== Material for the task ==
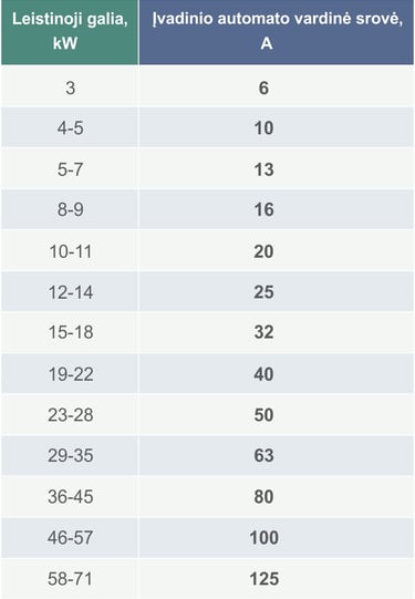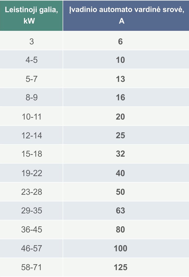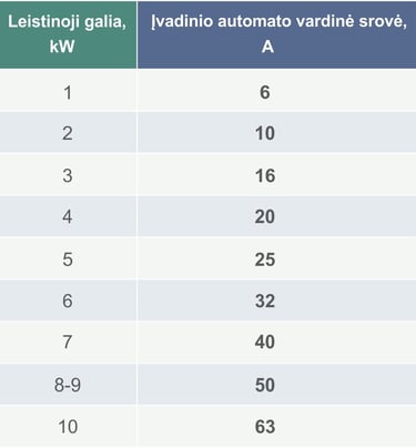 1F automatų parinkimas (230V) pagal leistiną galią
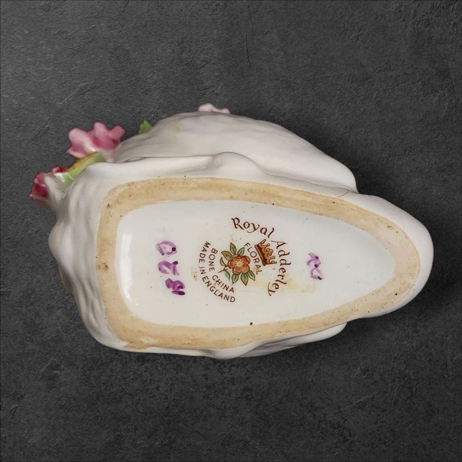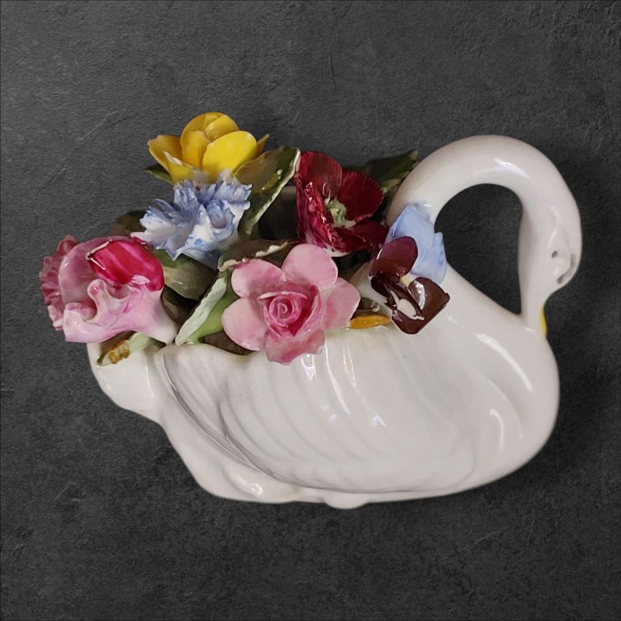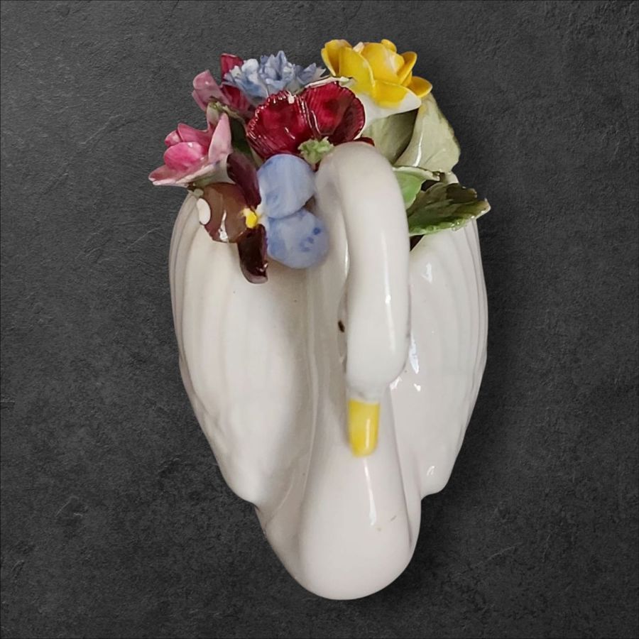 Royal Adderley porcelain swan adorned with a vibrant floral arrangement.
===
== Material for the task ==
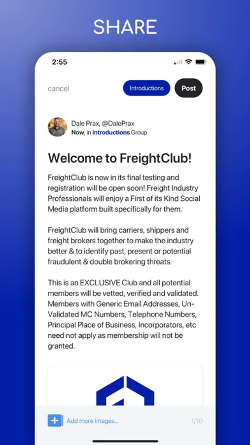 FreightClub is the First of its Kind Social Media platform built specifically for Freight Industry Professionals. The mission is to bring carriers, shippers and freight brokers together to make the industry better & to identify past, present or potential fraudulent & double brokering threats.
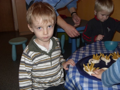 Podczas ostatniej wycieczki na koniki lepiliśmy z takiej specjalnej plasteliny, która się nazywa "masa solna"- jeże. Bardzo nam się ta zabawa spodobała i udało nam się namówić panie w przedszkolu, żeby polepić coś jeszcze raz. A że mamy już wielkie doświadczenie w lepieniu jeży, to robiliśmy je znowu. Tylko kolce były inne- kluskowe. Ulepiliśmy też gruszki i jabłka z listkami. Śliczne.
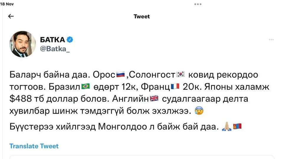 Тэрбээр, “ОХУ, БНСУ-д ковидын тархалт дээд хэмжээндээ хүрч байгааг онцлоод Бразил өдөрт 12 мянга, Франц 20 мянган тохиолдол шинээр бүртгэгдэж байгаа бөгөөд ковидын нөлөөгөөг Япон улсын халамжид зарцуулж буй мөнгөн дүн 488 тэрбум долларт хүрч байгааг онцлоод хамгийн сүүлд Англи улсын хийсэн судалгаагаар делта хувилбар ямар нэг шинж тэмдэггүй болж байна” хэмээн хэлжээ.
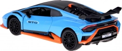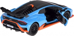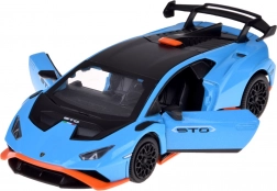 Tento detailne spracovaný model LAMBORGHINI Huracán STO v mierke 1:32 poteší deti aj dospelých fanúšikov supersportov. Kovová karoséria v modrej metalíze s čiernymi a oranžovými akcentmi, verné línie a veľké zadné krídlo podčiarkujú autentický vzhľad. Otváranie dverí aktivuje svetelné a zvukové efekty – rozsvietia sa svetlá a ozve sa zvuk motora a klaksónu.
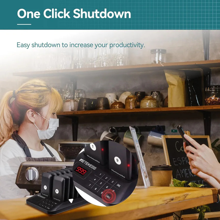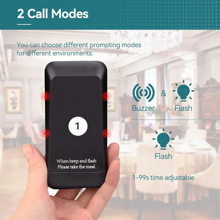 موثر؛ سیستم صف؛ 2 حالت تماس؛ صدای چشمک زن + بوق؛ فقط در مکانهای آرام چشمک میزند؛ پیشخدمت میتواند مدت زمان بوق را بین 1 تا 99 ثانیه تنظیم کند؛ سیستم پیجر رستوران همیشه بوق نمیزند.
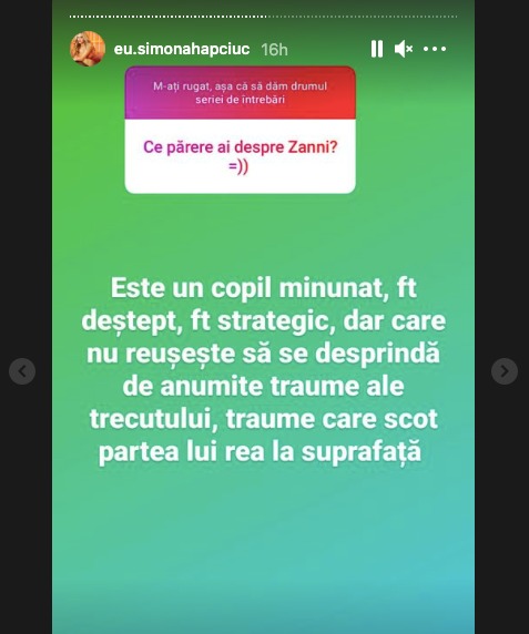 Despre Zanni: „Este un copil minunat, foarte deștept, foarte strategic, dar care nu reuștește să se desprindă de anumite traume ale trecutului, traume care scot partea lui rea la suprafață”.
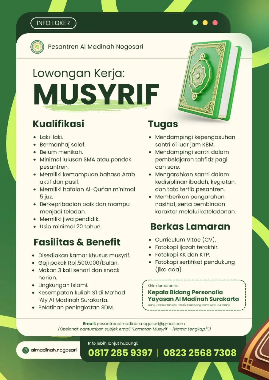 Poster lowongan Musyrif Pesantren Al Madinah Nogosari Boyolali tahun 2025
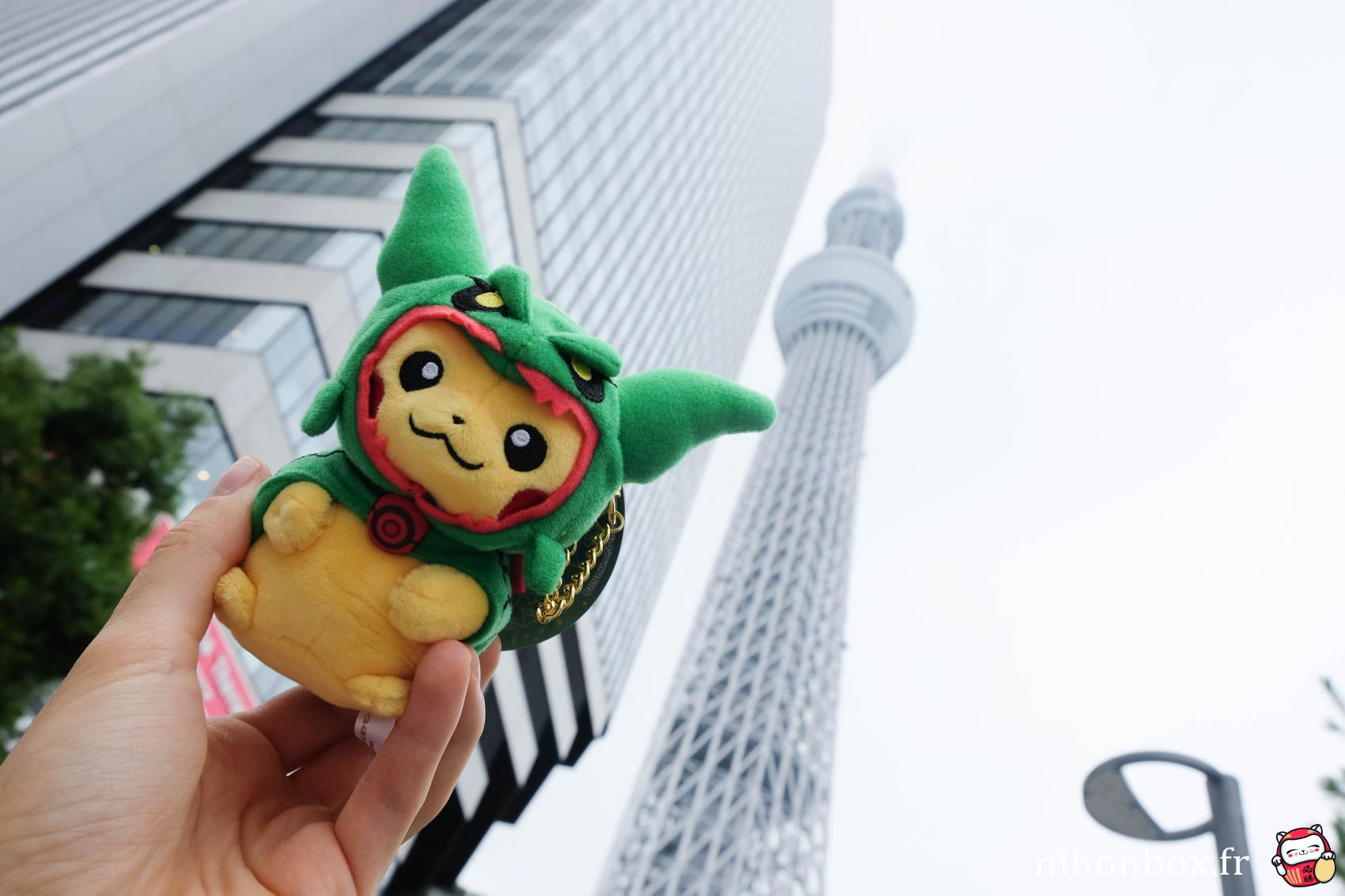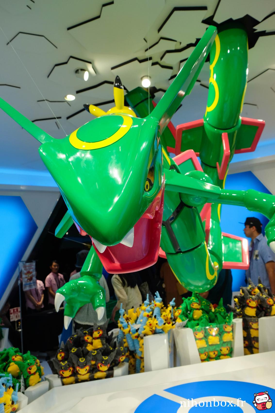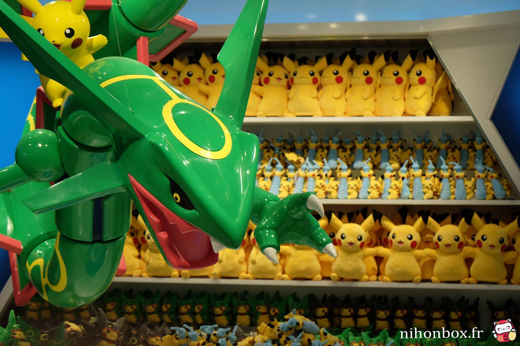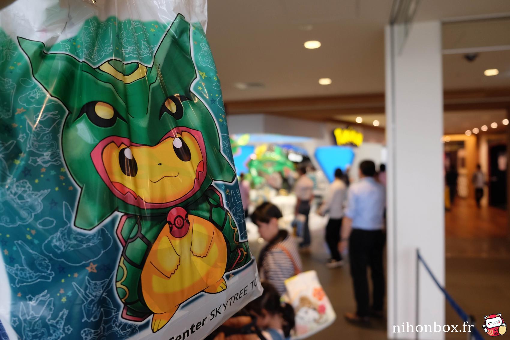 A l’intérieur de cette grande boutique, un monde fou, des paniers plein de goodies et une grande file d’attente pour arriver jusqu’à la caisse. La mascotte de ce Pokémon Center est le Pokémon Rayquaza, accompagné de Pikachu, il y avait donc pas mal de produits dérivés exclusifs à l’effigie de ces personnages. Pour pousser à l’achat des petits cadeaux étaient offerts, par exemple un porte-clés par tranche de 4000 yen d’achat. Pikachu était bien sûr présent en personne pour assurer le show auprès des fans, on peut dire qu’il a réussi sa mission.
===
- [What you should do] Please output the lines above beginning at the line with "1F automatų parinkimas" and ending after the line with "Royal Adderley porcelain", precisely as written and with no pictures.

- [Solved problem]
 1F automatų parinkimas (230V) pagal leistiną galią
 Royal Adderley porcelain swan adorned with a vibrant floral arrangement.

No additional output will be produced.